* [Problem]: Begin your copy at the line holding "An Elegant Freshwater" and end it at the last line of the listing. Keep every line exact and leave out the pictures.

* [Records shown]:
····················

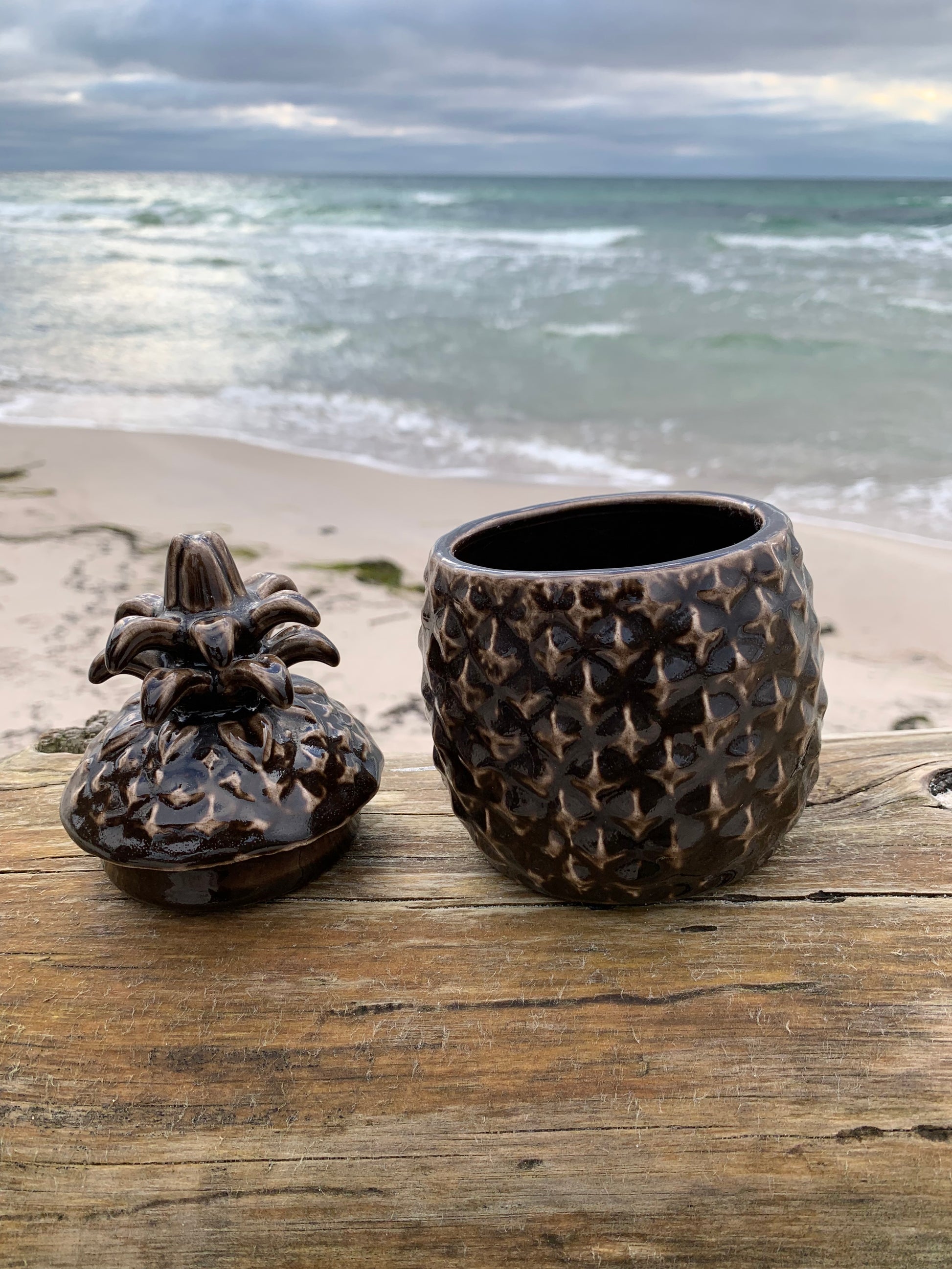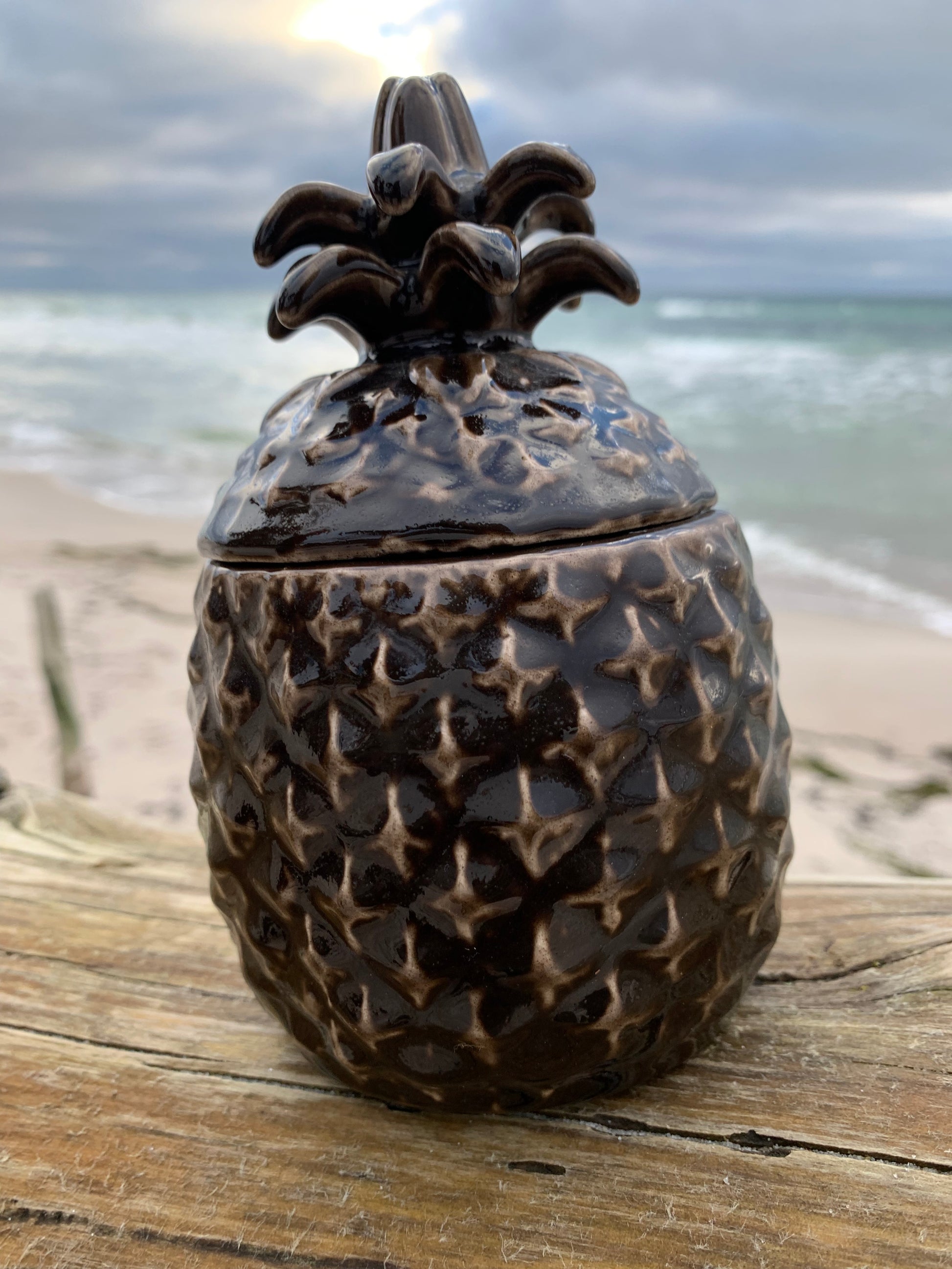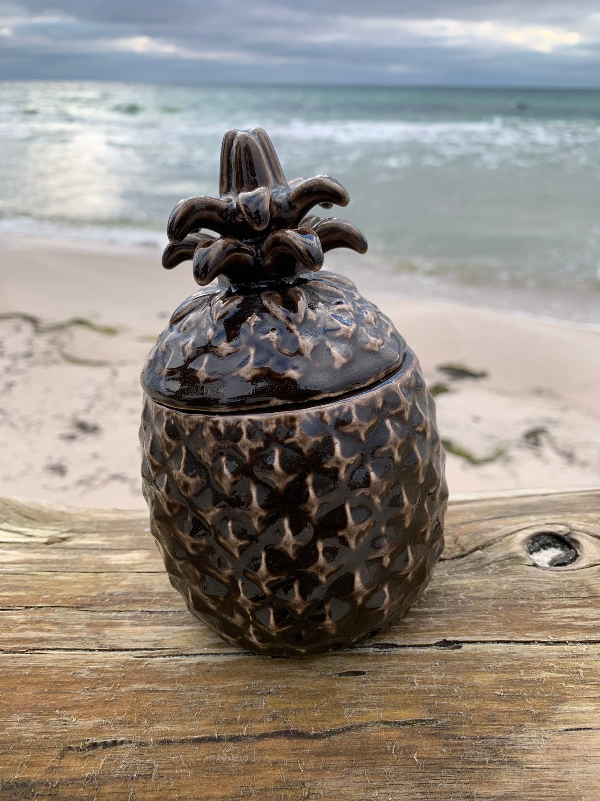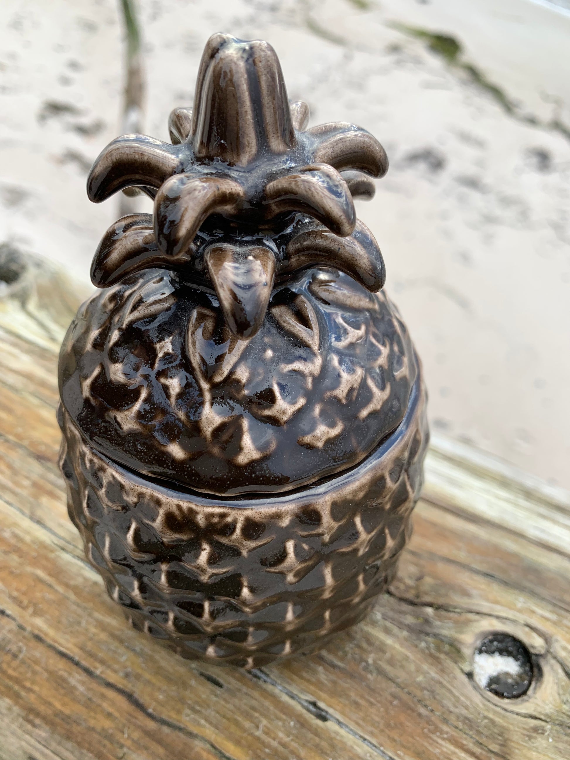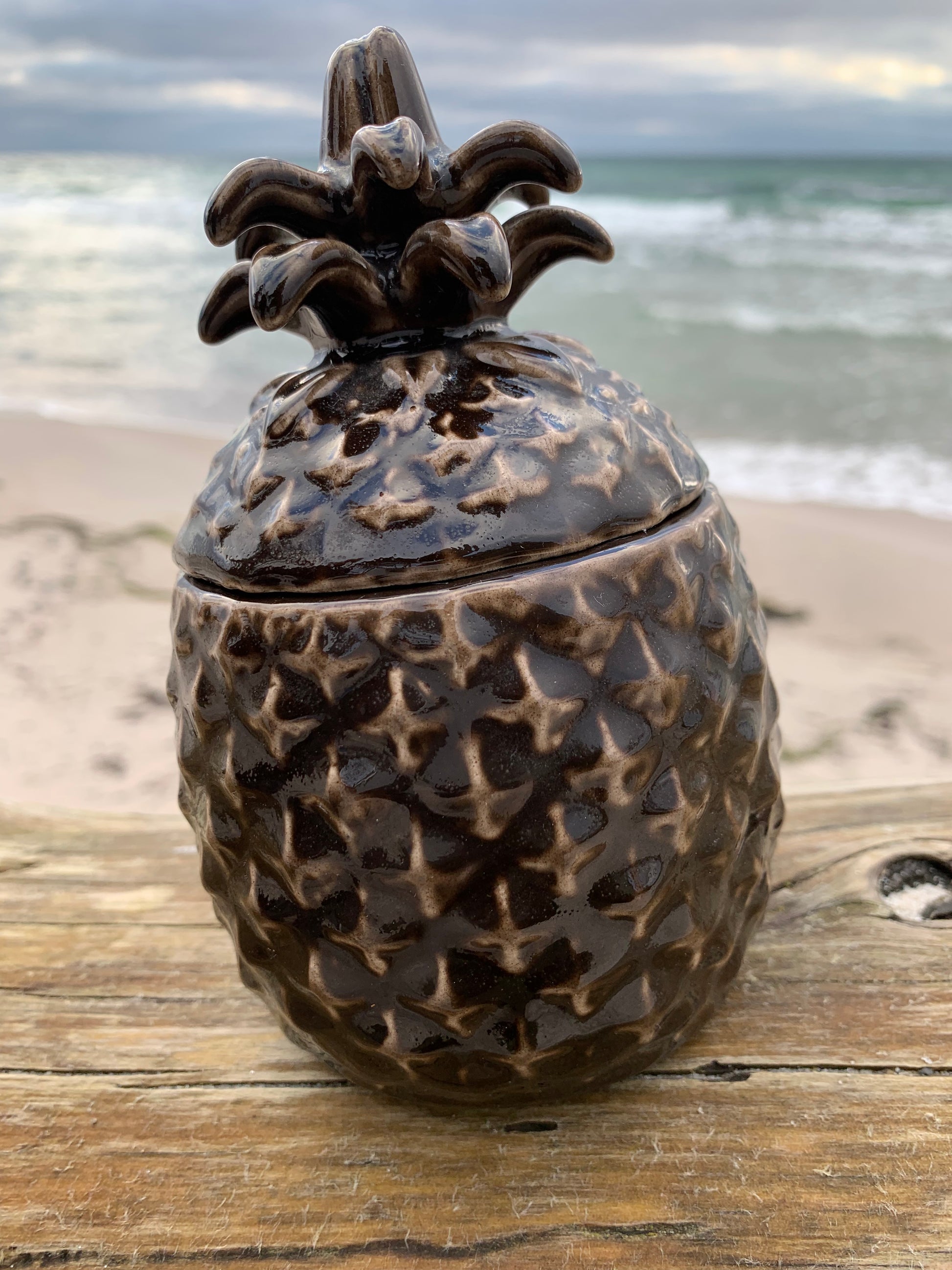 Sjov ananas keramikkrukke med låg. Krukken er fundet i Sverige.
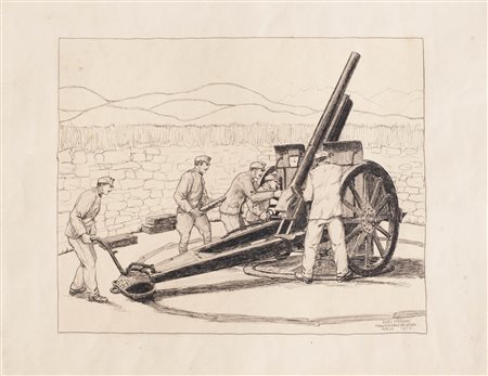 Lotto 404 Julius von Kaan-Albest (München/Monaco 1874 – Berlin/Berlino ca. 1944) Funivia italiana, Monte Erio 10. VI. 1916;Matite, matite colorate, 23,5 x 31 cm, in cornice
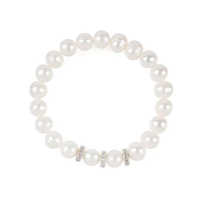 An Elegant Freshwater Pearl Bracelet With A Delicate Crystal Detail.
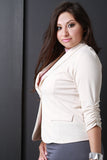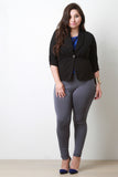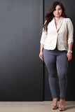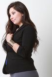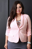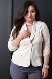 This plus size blazer features a stretchy textured knit fabrication, long sleeve design with ruched detail, shawl collar design, form-flattering seams, and a single button closure. Finished with non functional front pockets. Accessories sold separately. 96% Polyester, 4% Spandex.
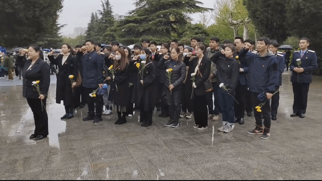 西安烈士陵园内安息着大革命时期英勇就义的革命志士王德安等“九烈士”,抗日战争中的民族英雄刘桂伍、宣侠父、解放战争中的爱国民主人士杜斌丞、战斗英雄秦富德,抗美援朝中的“八勇士”之一候天佑,社会主义建设时期雷锋式的英雄模范张华以及王周斌、祝选朋等一大批革命先烈。在庄严肃穆的烈士纪念碑前,全体人员整齐肃立向革命烈士默哀致敬,表达了对革命先烈的无限哀思。

····················

* [Answer space]:
 An Elegant Freshwater Pearl Bracelet With A Delicate Crystal Detail.
 This plus size blazer features a stretchy textured knit fabrication, long sleeve design with ruched detail, shawl collar design, form-flattering seams, and a single button closure. Finished with non functional front pockets. Accessories sold separately. 96% Polyester, 4% Spandex.
 西安烈士陵园内安息着大革命时期英勇就义的革命志士王德安等“九烈士”,抗日战争中的民族英雄刘桂伍、宣侠父、解放战争中的爱国民主人士杜斌丞、战斗英雄秦富德,抗美援朝中的“八勇士”之一候天佑,社会主义建设时期雷锋式的英雄模范张华以及王周斌、祝选朋等一大批革命先烈。在庄严肃穆的烈士纪念碑前,全体人员整齐肃立向革命烈士默哀致敬,表达了对革命先烈的无限哀思。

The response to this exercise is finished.